People get excited about what they read, and they want a part of the action. They jump into a stock that's already trading at a premium. In other words, they buy high.
When Traders Do It
Experienced traders can make money by jumping in and out of a stock that’s caught the public’s attention, but it’s not a game for the inexperienced, and it’s not investing. There’s definite risk involved, and there are tax consequences, so you have to know what you're doing.
Other issues are also involved, so most investors should leave this type of activity to short-term traders who excel at it and who know the tricky ropes. For most investors, trying to grab a piece of the latest flashy stock usually means paying too much or buying too high, sometimes way too high.
Selling Low Can Be a Bad Decision
The other side of the market happens when a stock has fallen. Most investors immediately want to bail out, and they unload and sell along with the rest of the market. But selling low can be a bad decision when you go by price alone.
There are many reasons why a stock’s price drops, and some of them have nothing at all to do with the soundness of the investment. It's often just a matter of supply and demand, and this is often a matter of waves of sentiment, not necessarily practicality. That’s why you might miss an opportunity if you only follow price.
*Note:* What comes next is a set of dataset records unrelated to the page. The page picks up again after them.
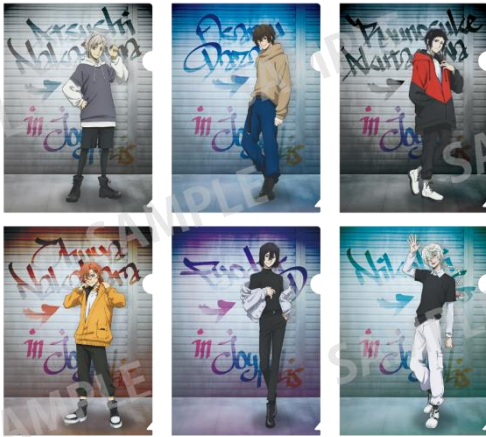
大当たり:トレーディングクリアファイル(全6種) ※ランダムでのお渡しの為、絵柄はお選びいただけません。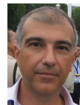
Αν. Καθηγητής Νικόλαος Βασιλειάδης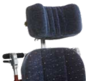
Huvudstöd, ställbart i höjd, vinkel och djup.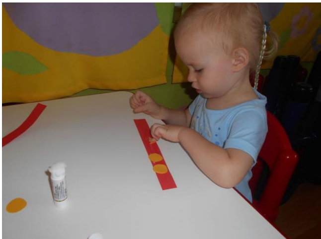
Slika br. 22 – Djevojčica izrađuje ogrlicu s dukatima

Druga skupina je pomoću kolaž papira i ljepila izrađivala dukate . Odgojiteljice su djeci izrezale trakice na koje lijepe krugove koji predstavljaju dukate . Na taj način su izradile nakit za mlade slavonske djevojke.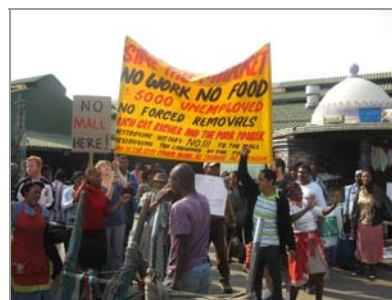
Durban, Warwick: Early morning market

denkenlos, wie oft dargestellt. Je näher die größte Sportparty der Welt rückt, desto deutlicher wird, dass sich hinter dem offiziellen Diskurs und der als allgemein dargestellten Begeisterung viele Probleme verbergen, die auf das Zelebrieren der afrikanischen Menschlichkeit dunkle Schatten werfen. Eines dieser Probleme heißt Zwangsumsiedlung.

The time period immediately after a stock’s price has fallen can be a great time to buy low if you've done your research into the company, and particularly if you can identify why the stock's price is low.
If all you know about a stock is its price, you might—and probably will—make investing mistakes. If a stock has had a good run up, it might be time to sell, not buy. You want to sell high. Similarly, if a stock has dropped like a rock, it might be a good time to get out. Buy rather than sell, or buy low. You won’t know what to do unless you understand and know a lot more about the company than its stock price.
Note: Always consult with a financial professional for the most up-to-date information and trends. This article is not investment advice, and it is not intended as investment advice.